А нынешней весной он и проценты задолжал. Теперь, того и гляди, отберут у него землю. Урожая он нынче собрал только половину против обычного. Трава в сенокос была короче кошачьего волоса, пастбища посохли, а жать поле была чистая мука. Зимой пришлось всю солому с крыши хлева скотине скормить, коровы так отощали, что в стойлах подняться не могут. Как выйдут весной на пастбище, так их там, поди, ветром валить на землю будет. По утрам их чуть ли не силком поднимать приходится.
Герман кивает, он и сам видит тощих волов в упряжке, ребра на боках так и выпирают.
— Зато ты сам себе хозяин, Хокан.
— Хозяин! Как бы не так! Я батрак, поденщик, раб, а не хозяин.
Хокан стискивает челюсти. Разве хозяин тот, кто от зари до зари спину гнет, чтобы каждый год отдавать по пятьсот далеров. Ни себе, ни скотине роздыху не даешь, — а все для того, чтобы купец Шёрлинг мог получить в срок свои деньги. Тут в пору бросить все да на траве полеживать!
Старик слушает племянника с удивлением. Парень ропщет, клянет судьбу. Чудеса! Не такой человек Хокан, чтобы из-за денег казниться. У него никогда к крестьянской работе душа не лежала, а коса, что земли чурается, много не накосит. Сроду не был он справным хозяином. Ну, да тужить нечего — может, нынче урожай получше будет. Хокан — парень молодой, дюжий, что его жалеть! Герман оглядывает племянника со стариковской завистью. Тело у него крепкое, мускулистое. Рукава овчинного тулупа закатаны, и видна кисть величиной с человечью ногу. Густая, золотистая, как солома, грива волос падает на уши; борода у него курчавая, глаза голубые. Сразу видать, что он из древнего рода вирдов.
Любопытный старик расспрашивает, что нового случилось в деревне.
— Никак у вас новый поселянин объявился?
— Летом переехал.
— А звать как?
— Повель Йертссон.
— Видел я его женку давеча. Что за люди?
— Люди хорошие. Они из Юдера оба, — добавляет Хокан.

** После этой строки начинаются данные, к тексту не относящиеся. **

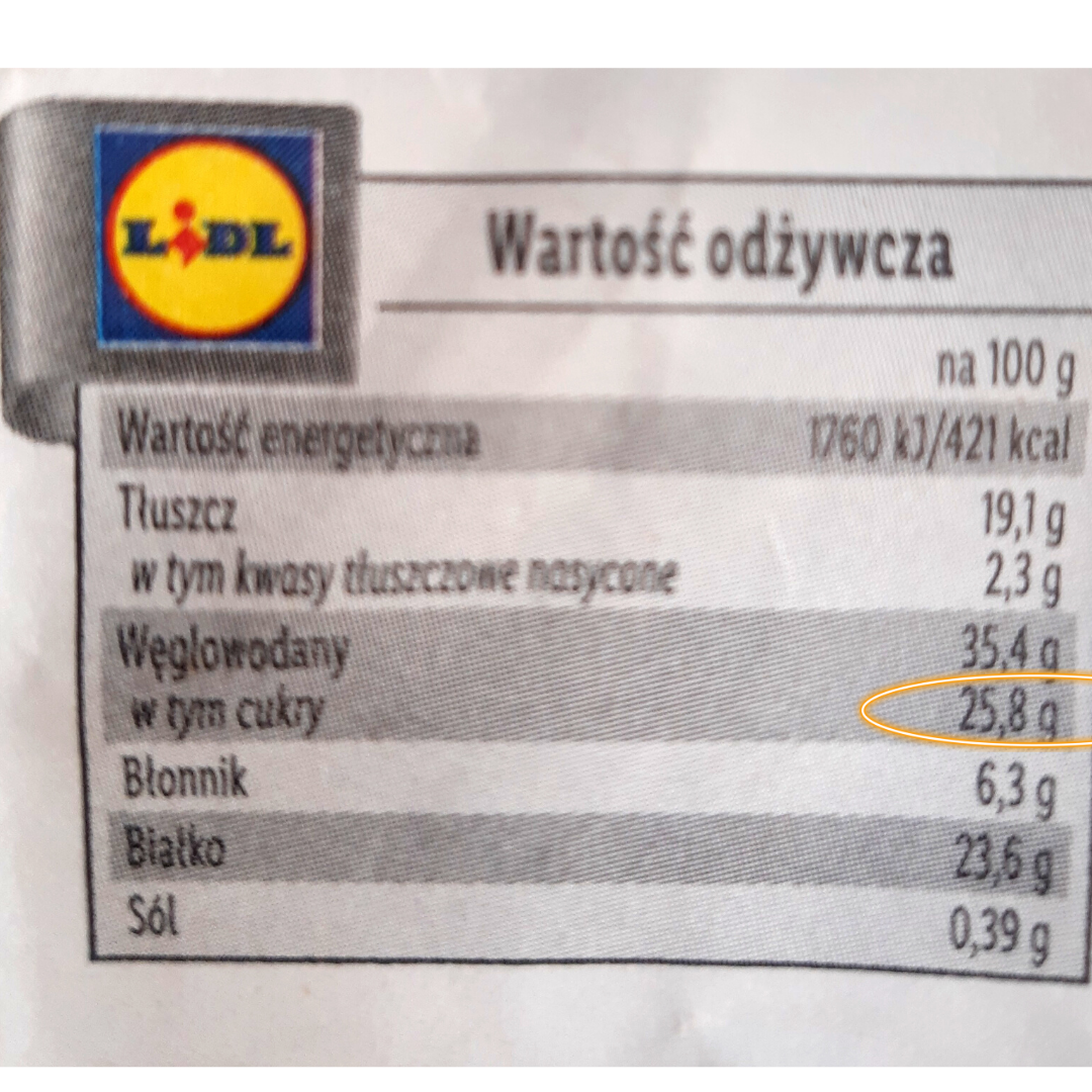 Zawartość cukrów prostych w tym batonie to ok. 10 g, co stanowi równowartość dwóch łyżeczek cukru. W Biedronce można znaleźć jeszcze 2 inne smaki batonów z tej serii orzechowej i one też są ok, bo zawierają relatywnie mało cukrów prostych.
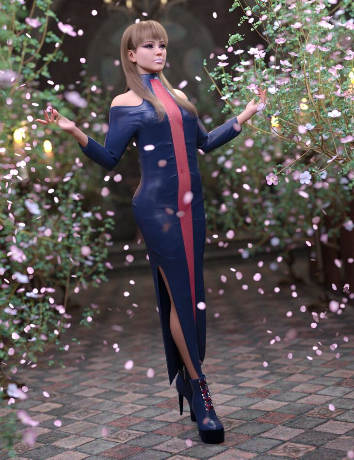 It consists of a long leather dress with open sides and trendy ankle boots. The dress is made to use with dForce but performs well in conforming poses.
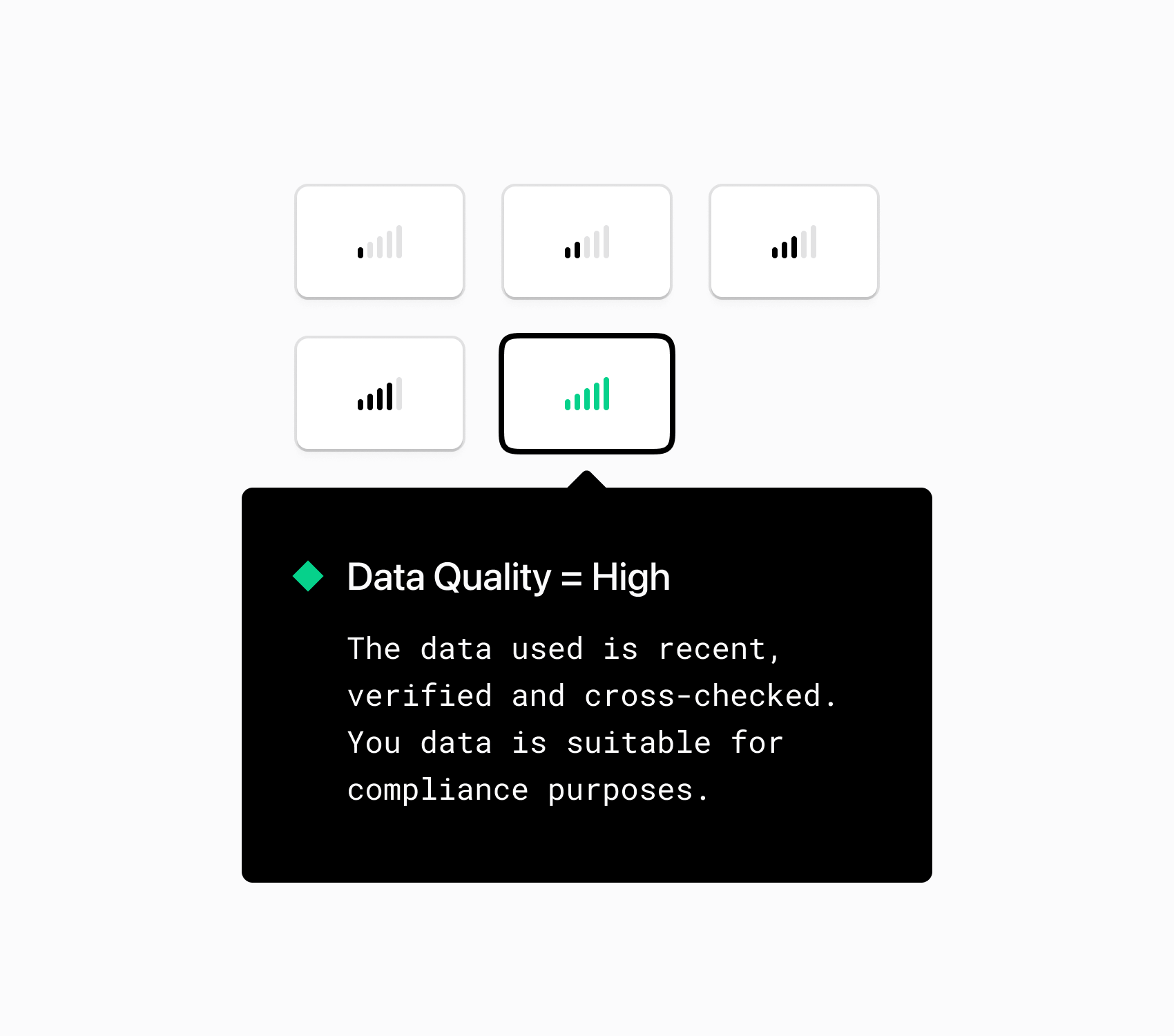 One of my favorite examples was tackling how to communicate that some information was an “educated guess” — based on estimates and intelligence, but still an approximation. To maintain transparency without undermining usability, I introduced a data-reliability rating that could be displayed alongside any data point. This approach offered users a clear sense of accuracy while encouraging them to strengthen their data sources, striking a balance between transparency and trust.

— Вон что! И молодка тоже?
Герман понимающе кивает. В его молодые годы женщины из прихода Юдер славились красотой на всю округу. Жена Повеля Йертссона оправдывает эту славу, насколько он успел заприметить своими стариковскими глазами.
— А женку нового хозяина как звать?
Хокан не отвечает, будто не слышит вопроса. Взгляд его блуждает вокруг и пытливо устремляется к кучке деревенских изб. Его глаза примечают там платок в белую и красную клетку. Он виднеется издалека уже давно, все время, пока Хокан ходит за плугом. Всякий раз, поворачивая упряжку в конце борозды, он ловит взглядом этот платок.

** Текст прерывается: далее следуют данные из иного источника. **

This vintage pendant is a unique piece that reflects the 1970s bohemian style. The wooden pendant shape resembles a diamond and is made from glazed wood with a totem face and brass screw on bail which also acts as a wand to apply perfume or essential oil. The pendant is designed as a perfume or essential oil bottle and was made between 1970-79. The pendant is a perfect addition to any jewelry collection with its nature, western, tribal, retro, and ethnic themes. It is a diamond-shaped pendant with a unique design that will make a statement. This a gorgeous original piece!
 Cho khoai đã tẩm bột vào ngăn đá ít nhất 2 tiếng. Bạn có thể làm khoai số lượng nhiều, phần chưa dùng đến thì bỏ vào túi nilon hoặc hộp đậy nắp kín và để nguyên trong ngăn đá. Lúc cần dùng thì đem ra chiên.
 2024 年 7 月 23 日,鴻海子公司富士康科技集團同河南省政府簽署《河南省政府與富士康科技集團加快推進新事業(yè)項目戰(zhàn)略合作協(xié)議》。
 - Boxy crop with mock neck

Хокан что есть силы вытягивает волов вицей, и на боках у них остаются полосы. Нечего скотине прохлаждаться без дела.
— Идите в избу, там небось найдется, что пожевать, — говорит он дяде.
Старик молча семенит прочь.
И тут Хокан спохватывается. Старик спросил его, как звать жену Повеля Йертссона, а он ему не ответил. С чего бы это? Чудно! Тайны-то в этом никакой нет. Разве он выдал бы кого или предал, если бы сказал, как звать жену нового соседа? Чего тут таить? И его берет досада на самого себя, точно он сделал какую-то глупость. И Хокан кричит вслед старику:
— Слышь-ка, ее зовут Мэрит!
Холст на траве
Ее зовут Мэрит, жену нового соседа. Она расстилает на траве перед домом холст для беления. Наклоняет свое ладное тело, разглаживает тканье округлыми руками, кладет то там, то тут маленькие камешки, чтобы холст не унесло ветром. С видом опытной хозяйки выполняет молодая жена Повеля эту важную работу. Вчера только вынесли ткацкий станок, который занимал всю горницу, а нынче холст уже лежит на траве.

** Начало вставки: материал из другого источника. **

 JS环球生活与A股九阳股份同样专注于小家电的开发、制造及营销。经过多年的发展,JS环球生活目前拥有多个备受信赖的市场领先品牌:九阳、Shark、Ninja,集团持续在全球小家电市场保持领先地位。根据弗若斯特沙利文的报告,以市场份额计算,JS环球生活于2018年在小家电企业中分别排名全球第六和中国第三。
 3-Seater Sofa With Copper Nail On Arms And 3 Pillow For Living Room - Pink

Первый холст, сотканный ее руками. Мэрит поселилась тут в усадьбе прошлым летом. В тот день Повель, ее супруг, вывел ее из дому и показал небольшую делянку близ двора, всю синюю от цветущего льна. Там рос ее первый холст, который она соткет в собственном дому. Мэрит залюбовалась голубым сиянием и окинула делянку ласковым взглядом. «Начну с простынь», — подумала она.
Лишь накануне ее свадебные простыни были постланы в первый раз. Еще за два дня до того, как она появилась в Хэгербеке, Мэрит жила девушкой в отчем дому. Теперь она стала мужней женой и сменила отчий дом на свой собственный.
Замужество ее с Повелем произошло просто и буднично.
Она всегда была послушна родительской воле, слыла девушкой тихого, серьезного нрава. К пляскам и забавам не лежала у нее душа. К тому же плясать она была не мастерица, и ей не хотелось, чтобы парни скалили зубы у нее за спиной, говоря, что ее в танце волоком приходится тащить. Она была молода, но компании со сверстниками не водила. Когда ей минуло двадцать лет, к ее родителям явился Повель и спросил, не отдадут ли они за него дочку. Он только что купил усадьбу в Хэгербеке, и ему не хочется переезжать туда одному.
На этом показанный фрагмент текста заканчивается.